TASK TO COMPLETE: Write out exactly, please, every line from the beginning of the entries to the line holding "最后,曹卢将宏观蓝图与学院育", and no pictures.

STORED DATA:
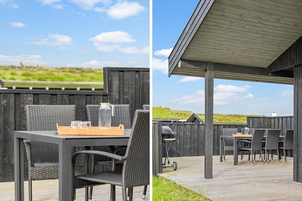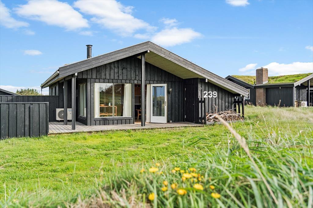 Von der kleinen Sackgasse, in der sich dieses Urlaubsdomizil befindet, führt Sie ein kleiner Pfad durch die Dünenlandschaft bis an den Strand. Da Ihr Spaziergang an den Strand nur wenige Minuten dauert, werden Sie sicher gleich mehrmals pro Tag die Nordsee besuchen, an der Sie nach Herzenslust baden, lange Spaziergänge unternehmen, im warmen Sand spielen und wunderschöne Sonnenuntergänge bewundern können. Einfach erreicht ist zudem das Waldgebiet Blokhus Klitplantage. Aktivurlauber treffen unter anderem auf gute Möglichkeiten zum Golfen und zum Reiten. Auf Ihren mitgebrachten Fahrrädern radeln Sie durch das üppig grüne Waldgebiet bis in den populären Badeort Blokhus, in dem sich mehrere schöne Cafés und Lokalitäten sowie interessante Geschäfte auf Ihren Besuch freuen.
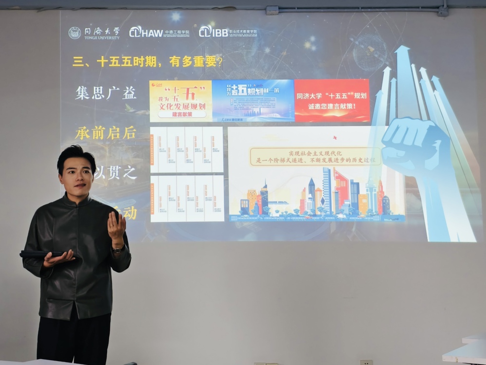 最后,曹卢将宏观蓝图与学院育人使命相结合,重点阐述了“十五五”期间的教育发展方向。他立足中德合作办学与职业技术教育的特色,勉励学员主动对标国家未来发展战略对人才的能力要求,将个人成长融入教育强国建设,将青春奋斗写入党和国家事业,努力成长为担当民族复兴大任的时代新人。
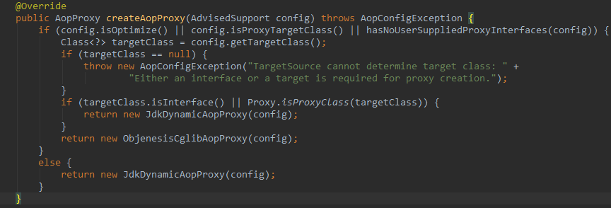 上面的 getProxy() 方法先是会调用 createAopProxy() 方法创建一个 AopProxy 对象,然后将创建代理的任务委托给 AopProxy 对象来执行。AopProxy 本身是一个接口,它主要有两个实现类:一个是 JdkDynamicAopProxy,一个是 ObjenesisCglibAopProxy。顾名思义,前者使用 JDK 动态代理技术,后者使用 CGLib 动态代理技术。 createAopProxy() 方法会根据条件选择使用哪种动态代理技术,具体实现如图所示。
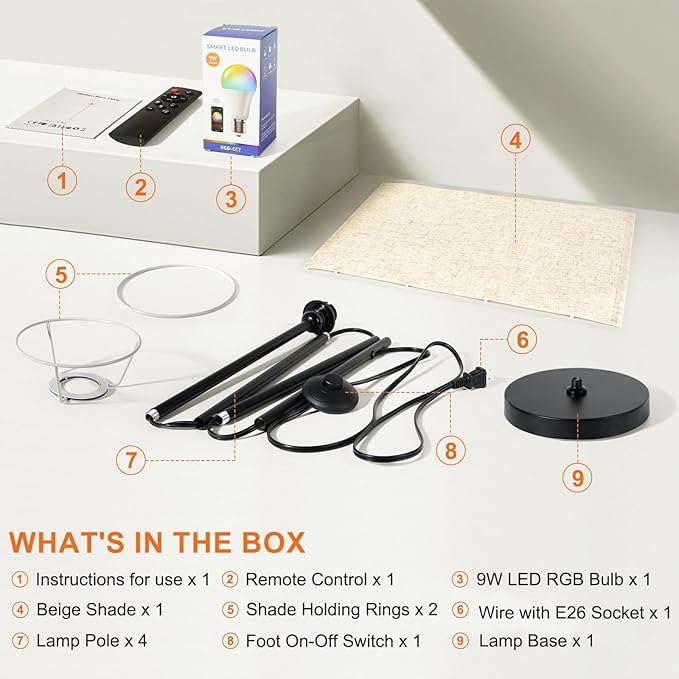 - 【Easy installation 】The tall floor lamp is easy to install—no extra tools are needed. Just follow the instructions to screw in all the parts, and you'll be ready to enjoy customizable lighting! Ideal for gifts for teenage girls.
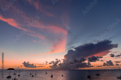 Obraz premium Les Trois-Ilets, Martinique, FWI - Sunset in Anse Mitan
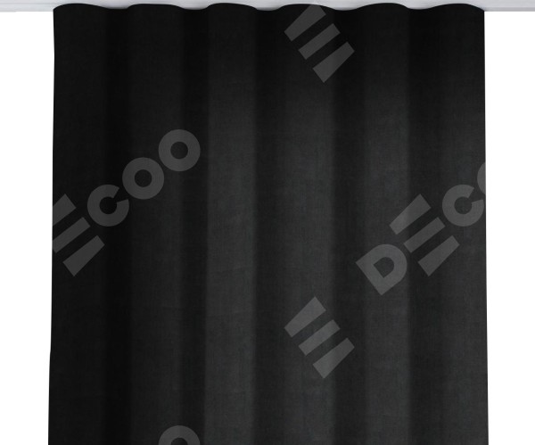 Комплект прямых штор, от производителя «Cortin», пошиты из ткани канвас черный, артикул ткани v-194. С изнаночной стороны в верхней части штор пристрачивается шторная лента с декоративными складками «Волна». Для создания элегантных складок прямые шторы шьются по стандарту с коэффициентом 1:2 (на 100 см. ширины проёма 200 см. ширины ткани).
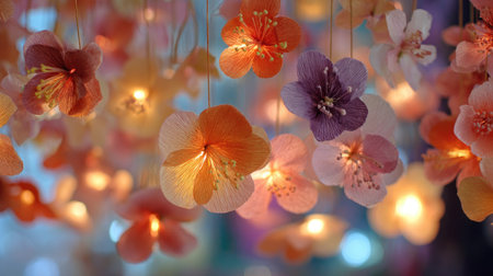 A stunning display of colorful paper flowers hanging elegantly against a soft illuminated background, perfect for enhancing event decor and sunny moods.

SOLVED PROBLEM:
 Von der kleinen Sackgasse, in der sich dieses Urlaubsdomizil befindet, führt Sie ein kleiner Pfad durch die Dünenlandschaft bis an den Strand. Da Ihr Spaziergang an den Strand nur wenige Minuten dauert, werden Sie sicher gleich mehrmals pro Tag die Nordsee besuchen, an der Sie nach Herzenslust baden, lange Spaziergänge unternehmen, im warmen Sand spielen und wunderschöne Sonnenuntergänge bewundern können. Einfach erreicht ist zudem das Waldgebiet Blokhus Klitplantage. Aktivurlauber treffen unter anderem auf gute Möglichkeiten zum Golfen und zum Reiten. Auf Ihren mitgebrachten Fahrrädern radeln Sie durch das üppig grüne Waldgebiet bis in den populären Badeort Blokhus, in dem sich mehrere schöne Cafés und Lokalitäten sowie interessante Geschäfte auf Ihren Besuch freuen.
 最后,曹卢将宏观蓝图与学院育人使命相结合,重点阐述了“十五五”期间的教育发展方向。他立足中德合作办学与职业技术教育的特色,勉励学员主动对标国家未来发展战略对人才的能力要求,将个人成长融入教育强国建设,将青春奋斗写入党和国家事业,努力成长为担当民族复兴大任的时代新人。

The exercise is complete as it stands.